4 Department of Nuclear Medicine Wilhelminenspital Vienna, Austria

5 Research Center for Nuclear Medicine, Tehran University of Medical Sciences, Tehran, Iran



In SPECT, the sinogram contains scatter and lack of attenuated counts that degrade the reconstructed image quality and quantity. Many techniques for attenuation and scatter correction have been proposed. An acceptable method of correction is to incorporate effects into an iterative statistical reconstruction. Here, we propose new Maximum Likelihood Expectation Maximization (MLEM) formula to correct scattering and attenuating photons during reconstruction.
Materials and Methods:
In this work, scatters are estimated through Klein-Nishina formula in all iterations and CT images are used for accurate attenuation correction. Reconstructed images resulted from different MLEM reconstruction formula have been compared considering profile agreement, contrast, mean square error, signal-to-noise ratio, contrast-to-noise ratio and computational time.

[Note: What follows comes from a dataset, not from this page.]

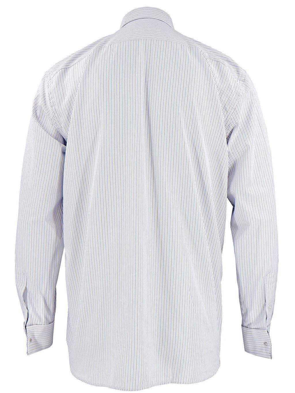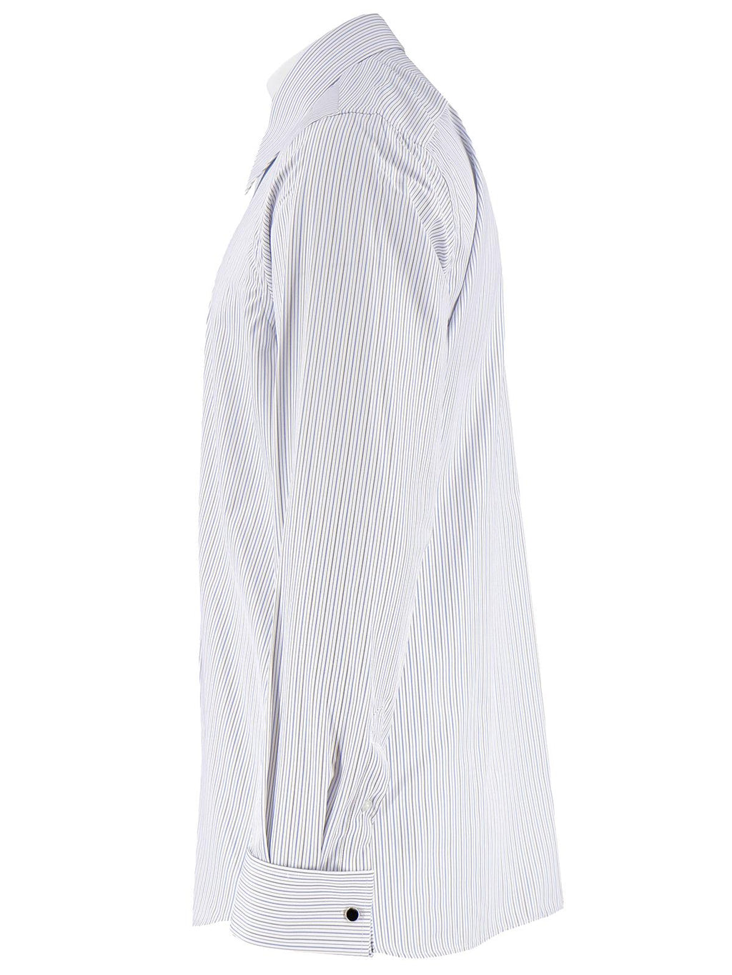 The shirt has shoulder and back yokes, and hem godets at the side seams make it a comfortable choice. It features French cuffs with included black cufflinks. The shirt is both easy care and high quality.

The proposed formula has a good profile agreement, increased contrast, signal-to-noise (SNR) & contrast-to-noise ratio (CNR), computational time and decreased mean square error (MSE) compared with uncorrected images and/or images from conventional formula.
In conclusion, by applying the proposed formula we were able to correct attenuation and scatter via MLEM and improve the image quality, which is a necessary step for both qualitative and quantitative SPECT images.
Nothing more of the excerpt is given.